[Opening DATA SEGMENT section]
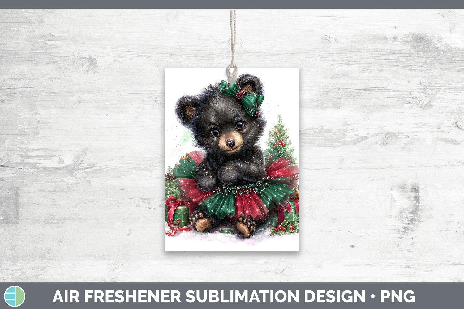 Woodland Cute Christmas Black Bear Air Freshener Sublimation
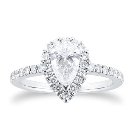 Set on a delicate platinum band, a mesmerising pear-cut central diamond is embraced by a halo of equally radiant diamonds totalling 0.80 carats.
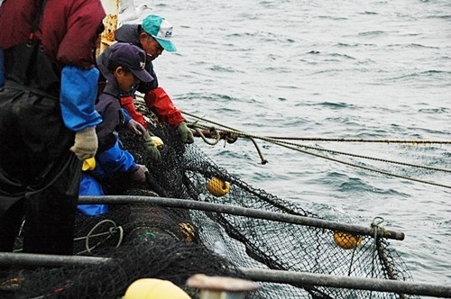 今回の(おまけの話)の写真は2007年の噴火湾での定置網漁の様子である。
[Closing DATA SEGMENT section]
__WHAT YOU ARE ASKED TO DO__
Print every line of the material above exactly as it reads, skipping the pictures.

__EXERCISE ANSWER__
 Woodland Cute Christmas Black Bear Air Freshener Sublimation
 Set on a delicate platinum band, a mesmerising pear-cut central diamond is embraced by a halo of equally radiant diamonds totalling 0.80 carats.
 今回の(おまけの話)の写真は2007年の噴火湾での定置網漁の様子である。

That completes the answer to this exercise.